To date my research has focused on numerical analysis, in particular preconditioning of methods for solving nonlinear problems.
This has included pseudospectral methods and domain decomposition methods.
In studying these topics I have delved into boundary layer problems, Newton's method, extrapolation methods, Krylov subspace methods and intersection algorithms for simplices.
%Past experiences - work with Chebyshev differentiation
%Include its possible usefulness
I worked with Professor Manfred Trummer of Simon Fraser University from 2015 to 2018.
My focus during this time was on Chebyshev pseudospectral methods.
These methods involve solving differential equations on a restricted set of collocation points by forming differentiation matrices, thereby turning nonlinear problems into linear ones.

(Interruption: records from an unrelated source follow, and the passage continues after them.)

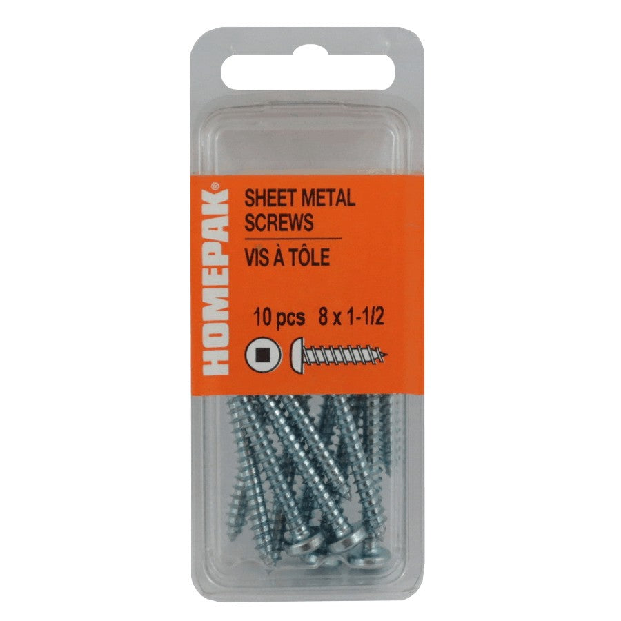 Material: STEEL Assembled Product Length: 1.5" Fastener Drive Type: ROBERTSON Finish: ZINC PLATED Fastener Diameter (Imperial): #8 Fastener Length (Imperial): 1.5" . Sheet metal screws • Pan head • Square socket drive • 10 pack
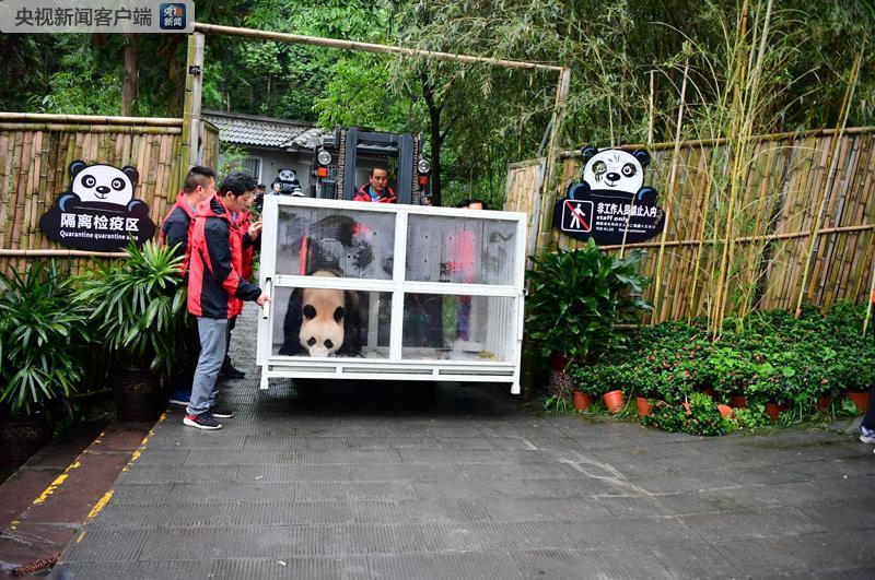 △5月29日,“如意”和“丁丁”從四川雅安的碧峰峽大熊貓基地出發,前往俄羅斯開展科研合作。(央視記者鄭波提供)
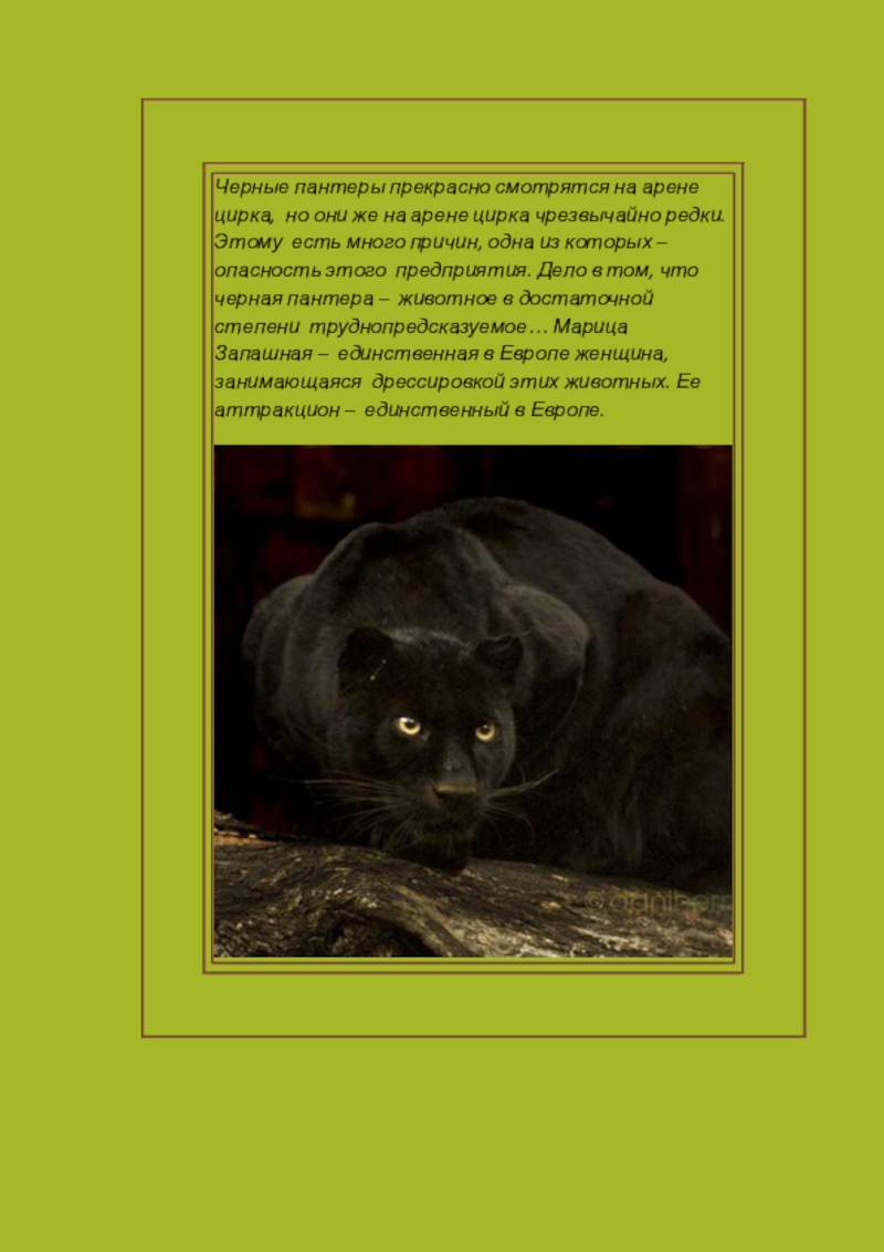 арене цирка чрезвычайно редки. Этому есть много причин, одна из которых – опасность этого предприятия. Дело в том, что черная пантера – животное в достаточной степени труднопредсказуемое… Марица Запашная – единственная в Европе женщина, занимающаяся дрессировкой этих животных. Ее аттракцион – единственный в Европе.

The matrices for many of these problems are inherently ill-conditioned, making it difficult to find accurate solutions.
During the course of my masters program I developed a preconditioner for these problems, in some cases reducing the problem to a matrix-vector multiplication (nb: cite).
This was a generalization of earlier work by Wang et al. (nb: cite?) to accomodate a broader range of boundary conditions and differential equations.
In essence, this preconditioner acts as an integration matrix in much the same way one constructs differentiation matrices for the same class of methods.
Also during this time I looked into combining two spectral methods:
a resampling procedure suggested by Driscoll and Hale (nb: cite?) and;
an iterated sine-transformation designed for boundary layer problems by Tang and Trummer (nb: cite?).
It became clear that the latter of these introduced artificial boundary conditions when combined with the former.
We added a regularization which removed these conditions and improved the overall accuracy (nb: cite).
%Current experiences
Since 2018 I've been working with Professor Martin J. Gander at the University of Geneva.
I have continued to study preconditioning, though now primarily in the context of domain decomposition methods.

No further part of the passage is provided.